Data records:
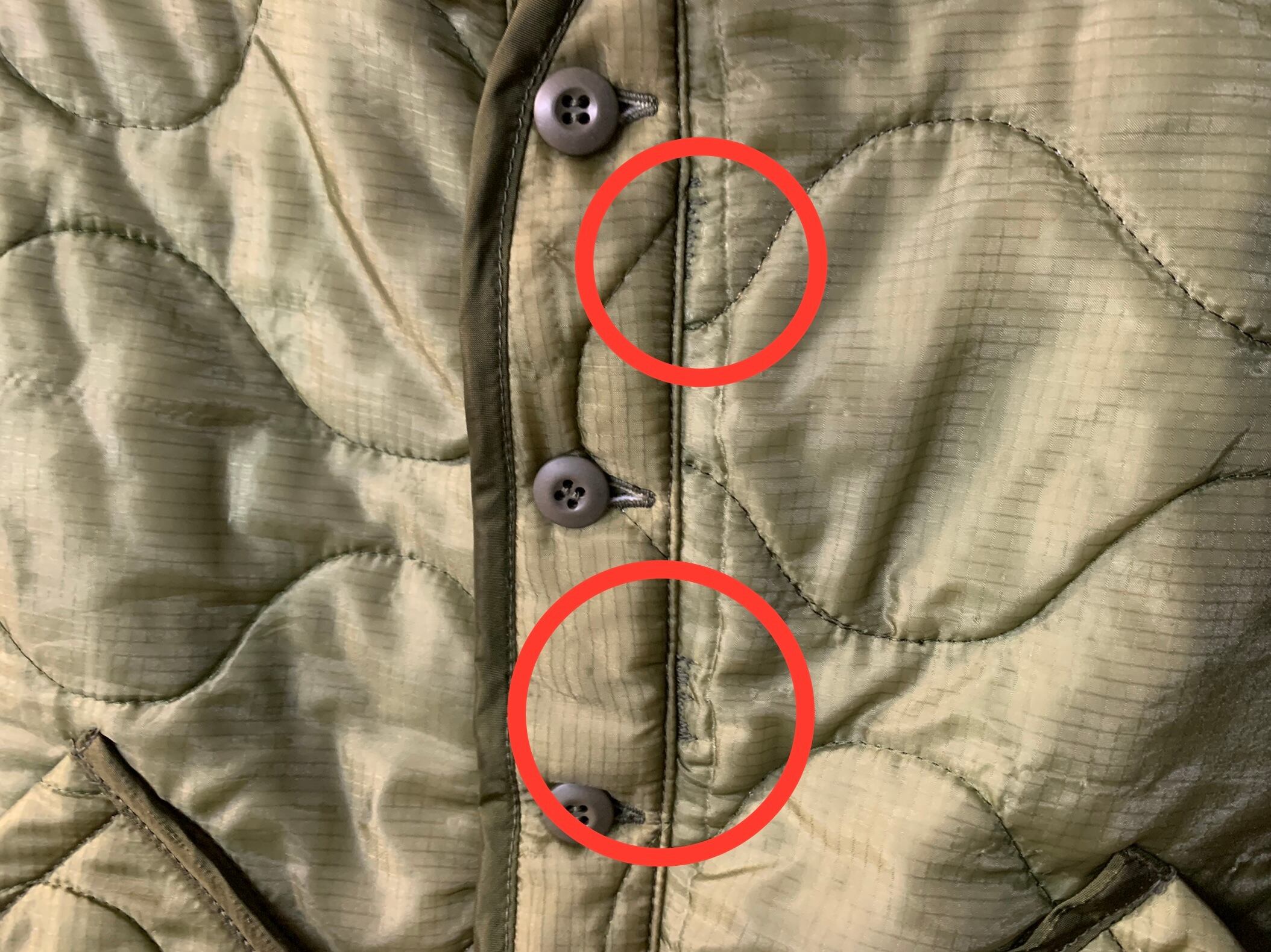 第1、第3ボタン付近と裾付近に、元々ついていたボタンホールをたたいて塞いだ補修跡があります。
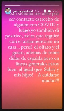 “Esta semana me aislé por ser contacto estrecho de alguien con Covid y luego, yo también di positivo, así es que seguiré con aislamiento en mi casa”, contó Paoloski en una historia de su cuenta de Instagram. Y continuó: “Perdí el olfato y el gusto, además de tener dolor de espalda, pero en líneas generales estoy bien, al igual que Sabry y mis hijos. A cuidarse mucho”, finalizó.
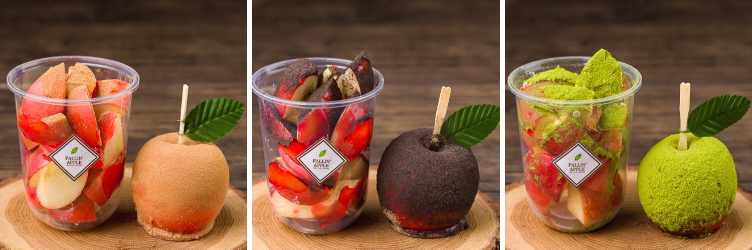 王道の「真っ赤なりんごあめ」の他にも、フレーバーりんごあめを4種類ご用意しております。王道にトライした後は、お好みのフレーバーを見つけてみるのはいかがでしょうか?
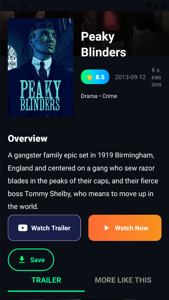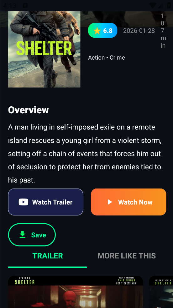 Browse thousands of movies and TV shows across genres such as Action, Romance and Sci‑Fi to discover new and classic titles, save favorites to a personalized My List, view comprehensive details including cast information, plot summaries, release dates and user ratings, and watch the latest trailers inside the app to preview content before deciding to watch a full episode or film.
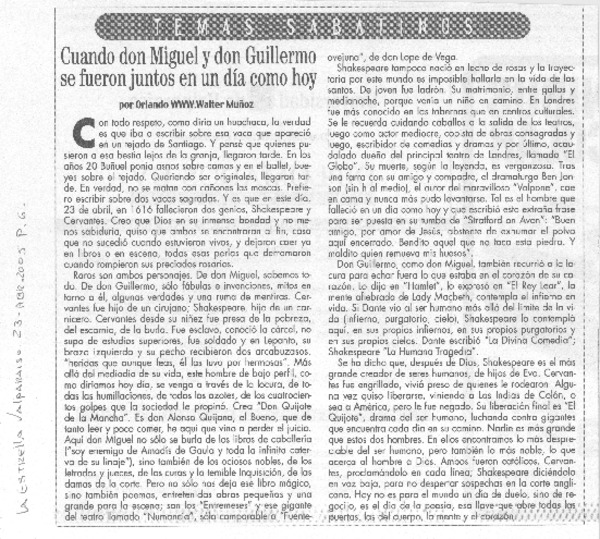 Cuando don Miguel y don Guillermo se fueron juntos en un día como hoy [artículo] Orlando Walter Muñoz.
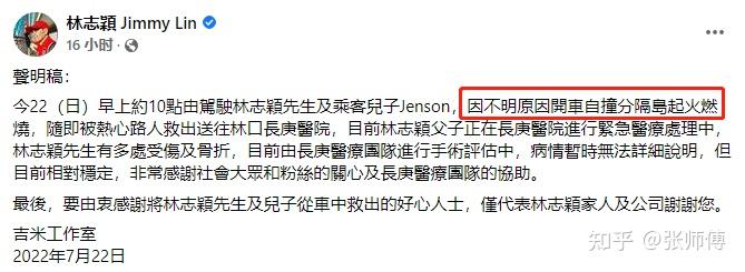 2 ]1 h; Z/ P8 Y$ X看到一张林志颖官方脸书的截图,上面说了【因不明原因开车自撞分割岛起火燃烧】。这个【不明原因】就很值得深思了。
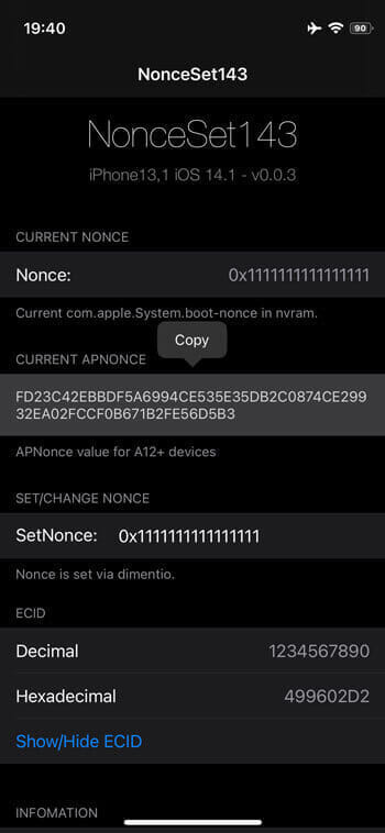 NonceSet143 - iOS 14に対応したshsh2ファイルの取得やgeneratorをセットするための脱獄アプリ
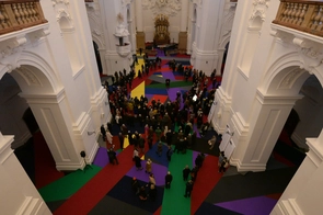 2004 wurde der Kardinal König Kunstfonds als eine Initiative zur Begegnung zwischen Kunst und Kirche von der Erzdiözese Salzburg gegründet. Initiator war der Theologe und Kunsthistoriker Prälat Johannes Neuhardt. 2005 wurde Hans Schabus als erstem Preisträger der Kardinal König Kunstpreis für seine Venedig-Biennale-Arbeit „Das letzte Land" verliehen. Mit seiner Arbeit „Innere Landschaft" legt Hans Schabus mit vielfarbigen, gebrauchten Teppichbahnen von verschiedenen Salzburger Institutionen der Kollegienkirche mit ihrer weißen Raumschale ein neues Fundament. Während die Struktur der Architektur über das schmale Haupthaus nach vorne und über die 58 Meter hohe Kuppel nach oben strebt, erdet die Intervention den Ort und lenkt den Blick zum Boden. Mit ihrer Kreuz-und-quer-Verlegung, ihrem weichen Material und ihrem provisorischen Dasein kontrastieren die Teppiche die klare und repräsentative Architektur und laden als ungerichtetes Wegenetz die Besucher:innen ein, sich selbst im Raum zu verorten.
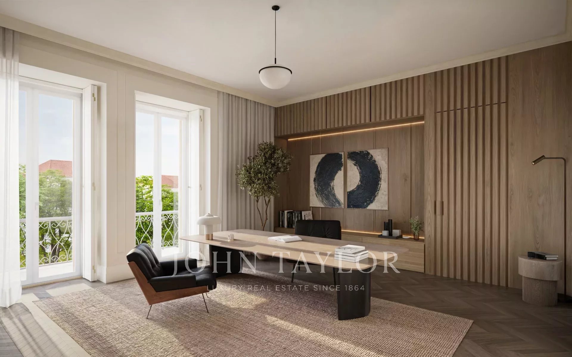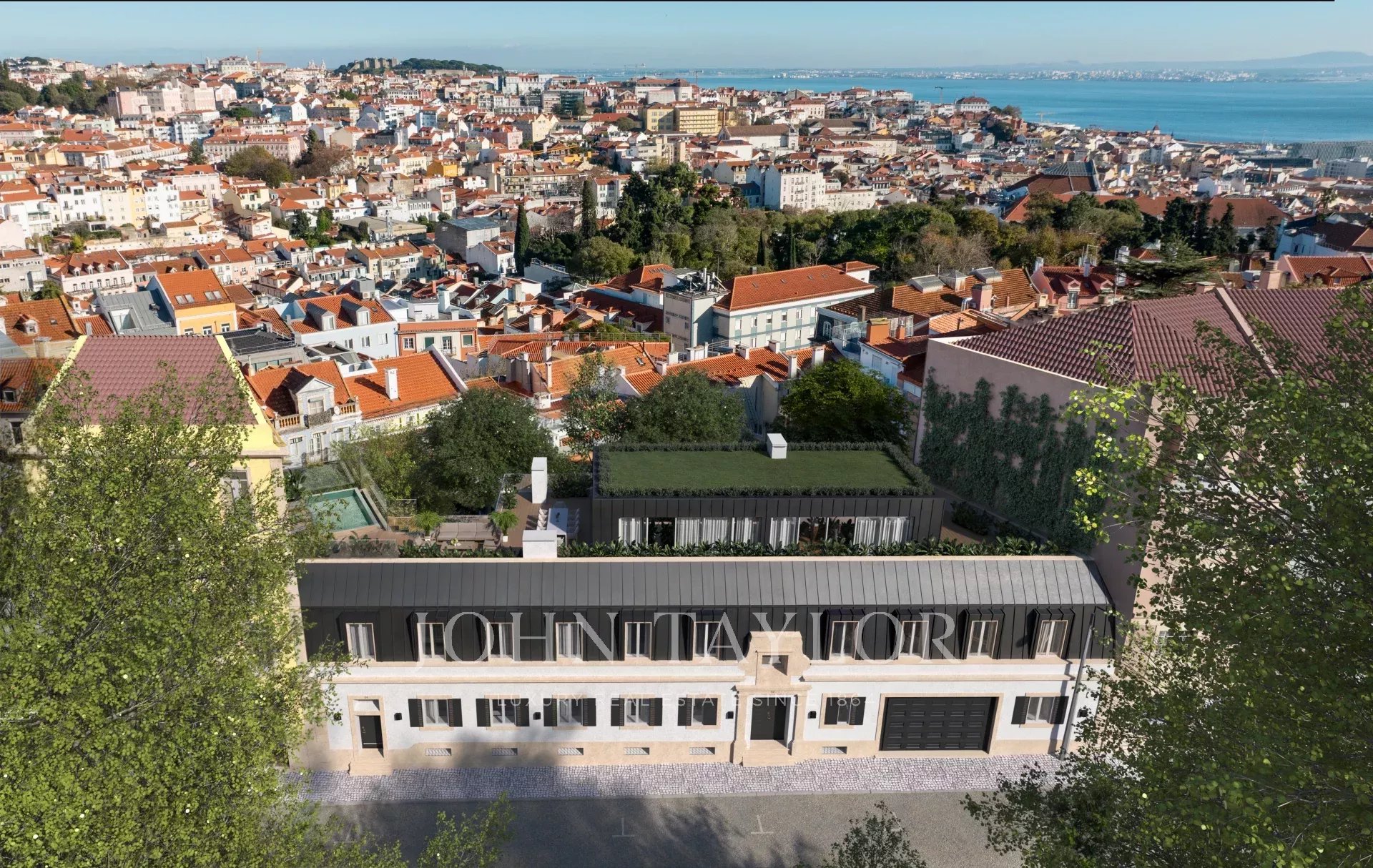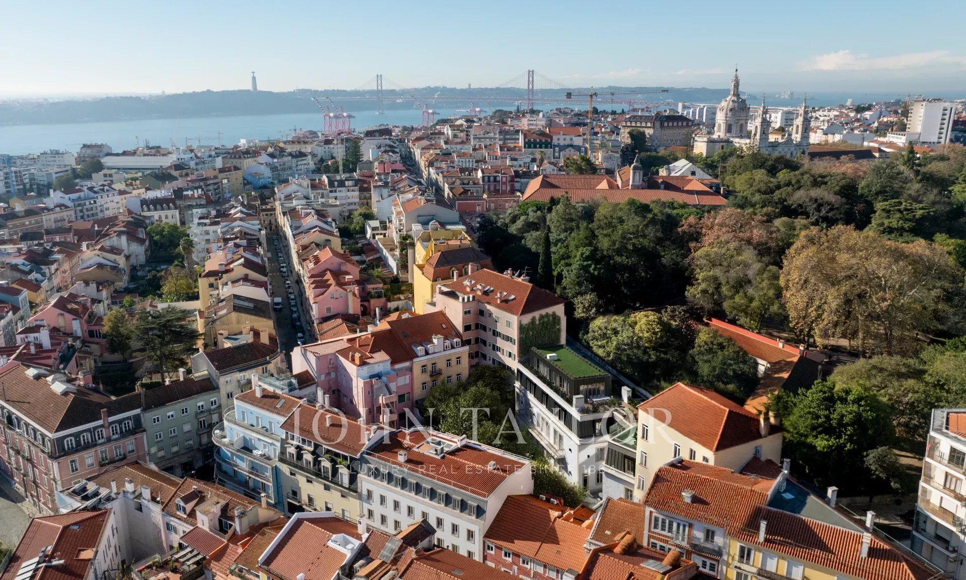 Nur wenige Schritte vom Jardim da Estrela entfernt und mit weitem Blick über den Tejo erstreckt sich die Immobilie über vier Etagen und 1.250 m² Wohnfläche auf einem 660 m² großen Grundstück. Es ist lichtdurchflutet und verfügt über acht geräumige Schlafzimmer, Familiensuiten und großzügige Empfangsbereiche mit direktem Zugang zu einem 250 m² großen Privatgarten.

→ **EXERCISE OBJECTIVE**: Give back the full data exactly as it reads, but drop the pictures.

→ **OUTPUT FOR THIS TASK**:
 第1、第3ボタン付近と裾付近に、元々ついていたボタンホールをたたいて塞いだ補修跡があります。
 “Esta semana me aislé por ser contacto estrecho de alguien con Covid y luego, yo también di positivo, así es que seguiré con aislamiento en mi casa”, contó Paoloski en una historia de su cuenta de Instagram. Y continuó: “Perdí el olfato y el gusto, además de tener dolor de espalda, pero en líneas generales estoy bien, al igual que Sabry y mis hijos. A cuidarse mucho”, finalizó.
 王道の「真っ赤なりんごあめ」の他にも、フレーバーりんごあめを4種類ご用意しております。王道にトライした後は、お好みのフレーバーを見つけてみるのはいかがでしょうか?
 Browse thousands of movies and TV shows across genres such as Action, Romance and Sci‑Fi to discover new and classic titles, save favorites to a personalized My List, view comprehensive details including cast information, plot summaries, release dates and user ratings, and watch the latest trailers inside the app to preview content before deciding to watch a full episode or film.
 Cuando don Miguel y don Guillermo se fueron juntos en un día como hoy [artículo] Orlando Walter Muñoz.
 2 ]1 h; Z/ P8 Y$ X看到一张林志颖官方脸书的截图,上面说了【因不明原因开车自撞分割岛起火燃烧】。这个【不明原因】就很值得深思了。
 NonceSet143 - iOS 14に対応したshsh2ファイルの取得やgeneratorをセットするための脱獄アプリ
 2004 wurde der Kardinal König Kunstfonds als eine Initiative zur Begegnung zwischen Kunst und Kirche von der Erzdiözese Salzburg gegründet. Initiator war der Theologe und Kunsthistoriker Prälat Johannes Neuhardt. 2005 wurde Hans Schabus als erstem Preisträger der Kardinal König Kunstpreis für seine Venedig-Biennale-Arbeit „Das letzte Land" verliehen. Mit seiner Arbeit „Innere Landschaft" legt Hans Schabus mit vielfarbigen, gebrauchten Teppichbahnen von verschiedenen Salzburger Institutionen der Kollegienkirche mit ihrer weißen Raumschale ein neues Fundament. Während die Struktur der Architektur über das schmale Haupthaus nach vorne und über die 58 Meter hohe Kuppel nach oben strebt, erdet die Intervention den Ort und lenkt den Blick zum Boden. Mit ihrer Kreuz-und-quer-Verlegung, ihrem weichen Material und ihrem provisorischen Dasein kontrastieren die Teppiche die klare und repräsentative Architektur und laden als ungerichtetes Wegenetz die Besucher:innen ein, sich selbst im Raum zu verorten.
 Nur wenige Schritte vom Jardim da Estrela entfernt und mit weitem Blick über den Tejo erstreckt sich die Immobilie über vier Etagen und 1.250 m² Wohnfläche auf einem 660 m² großen Grundstück. Es ist lichtdurchflutet und verfügt über acht geräumige Schlafzimmer, Familiensuiten und großzügige Empfangsbereiche mit direktem Zugang zu einem 250 m² großen Privatgarten.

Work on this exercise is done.